Below are entries with pictures among them; reproduce exactly, and only, the lines from the one containing "Die Wohnung ist" down to the one containing "Die fachkompetente Beratung", without the pictures.

▶ **Records supplied**:
▬▬▬▬▬▬
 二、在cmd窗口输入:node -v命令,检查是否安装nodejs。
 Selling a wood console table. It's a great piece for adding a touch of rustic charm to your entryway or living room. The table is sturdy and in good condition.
▬▬▬▬▬▬
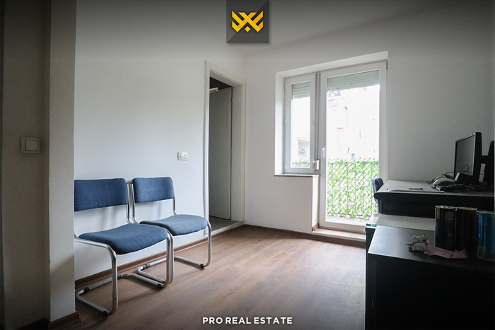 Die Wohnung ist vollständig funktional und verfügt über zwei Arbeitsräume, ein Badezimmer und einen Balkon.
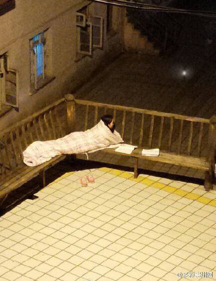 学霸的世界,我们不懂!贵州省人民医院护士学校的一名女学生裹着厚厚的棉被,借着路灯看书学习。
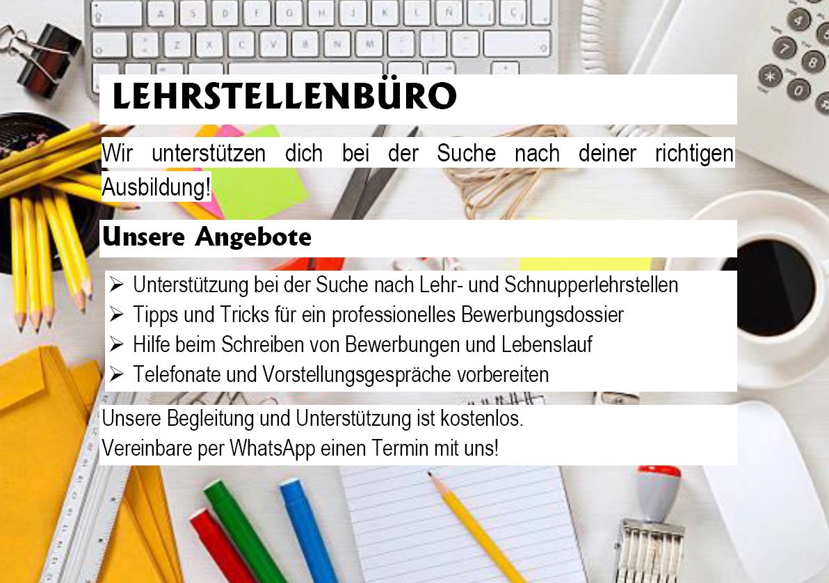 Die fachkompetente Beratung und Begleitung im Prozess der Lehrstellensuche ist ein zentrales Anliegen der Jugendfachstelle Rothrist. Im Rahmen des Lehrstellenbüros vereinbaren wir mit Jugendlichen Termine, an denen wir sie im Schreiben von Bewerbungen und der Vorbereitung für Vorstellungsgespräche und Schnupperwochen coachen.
▬▬▬▬▬▬
▶ **Solved problem**:
 Die Wohnung ist vollständig funktional und verfügt über zwei Arbeitsräume, ein Badezimmer und einen Balkon.
 学霸的世界,我们不懂!贵州省人民医院护士学校的一名女学生裹着厚厚的棉被,借着路灯看书学习。
 Die fachkompetente Beratung und Begleitung im Prozess der Lehrstellensuche ist ein zentrales Anliegen der Jugendfachstelle Rothrist. Im Rahmen des Lehrstellenbüros vereinbaren wir mit Jugendlichen Termine, an denen wir sie im Schreiben von Bewerbungen und der Vorbereitung für Vorstellungsgespräche und Schnupperwochen coachen.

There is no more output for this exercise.